··· DATASET EXCERPT

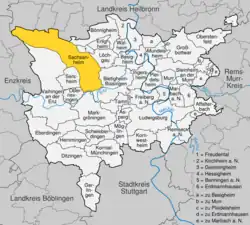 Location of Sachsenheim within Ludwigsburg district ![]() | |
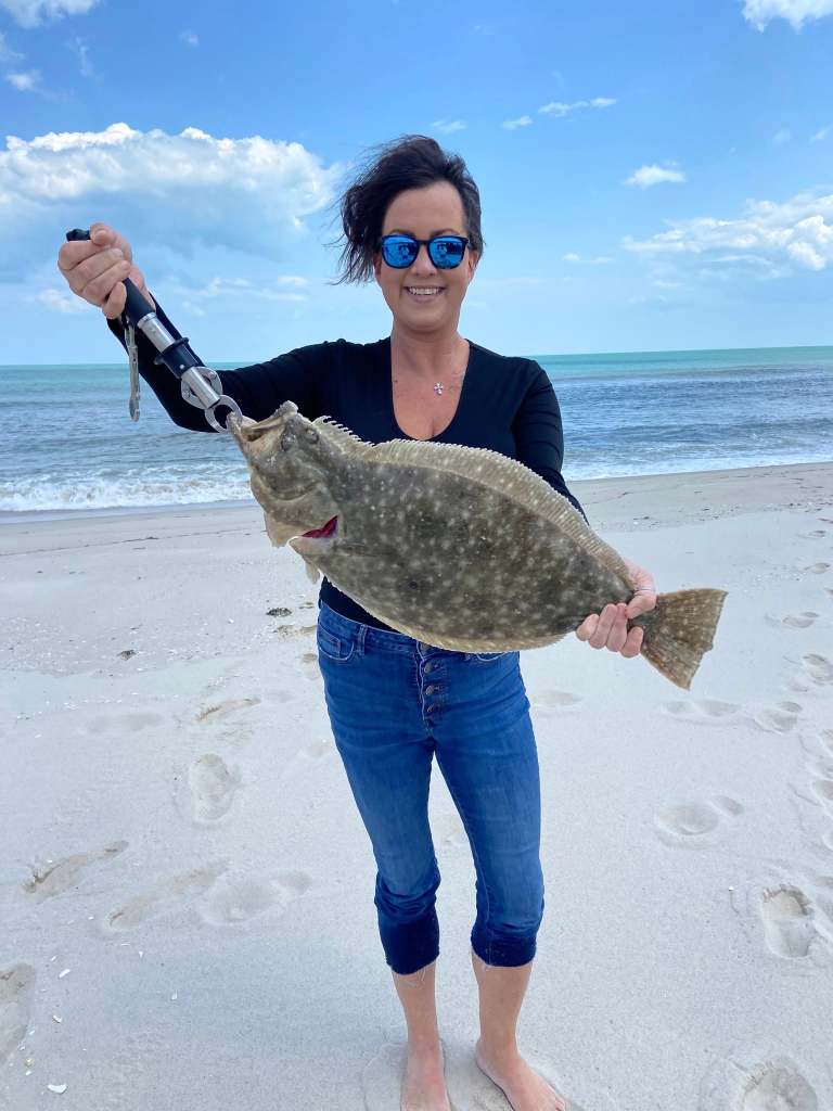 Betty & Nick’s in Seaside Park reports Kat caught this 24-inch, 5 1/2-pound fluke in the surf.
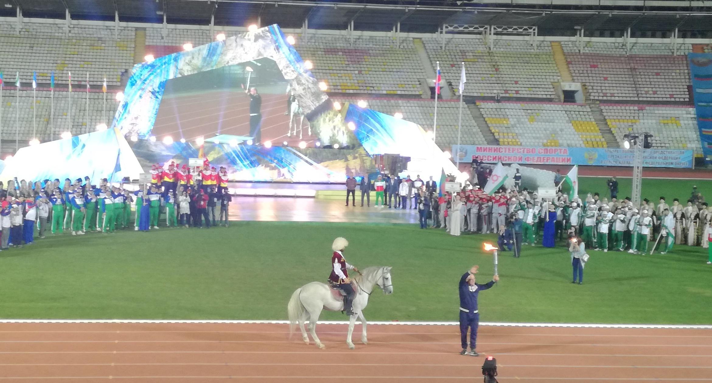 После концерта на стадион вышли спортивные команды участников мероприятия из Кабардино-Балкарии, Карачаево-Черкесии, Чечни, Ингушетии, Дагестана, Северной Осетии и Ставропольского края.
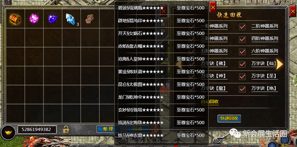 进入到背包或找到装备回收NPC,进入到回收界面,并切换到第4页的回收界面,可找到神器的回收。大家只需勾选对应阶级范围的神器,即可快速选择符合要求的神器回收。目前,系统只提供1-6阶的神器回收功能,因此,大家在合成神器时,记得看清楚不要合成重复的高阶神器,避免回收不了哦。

······

TASK DIRECTIONS ▸ The data must be repeated exactly. Any pictures in it are to be left out.

SOLUTION FOR THIS EXERCISE ▸
 Location of Sachsenheim within Ludwigsburg district ![]() | |
 Betty & Nick’s in Seaside Park reports Kat caught this 24-inch, 5 1/2-pound fluke in the surf.
 После концерта на стадион вышли спортивные команды участников мероприятия из Кабардино-Балкарии, Карачаево-Черкесии, Чечни, Ингушетии, Дагестана, Северной Осетии и Ставропольского края.
 进入到背包或找到装备回收NPC,进入到回收界面,并切换到第4页的回收界面,可找到神器的回收。大家只需勾选对应阶级范围的神器,即可快速选择符合要求的神器回收。目前,系统只提供1-6阶的神器回收功能,因此,大家在合成神器时,记得看清楚不要合成重复的高阶神器,避免回收不了哦。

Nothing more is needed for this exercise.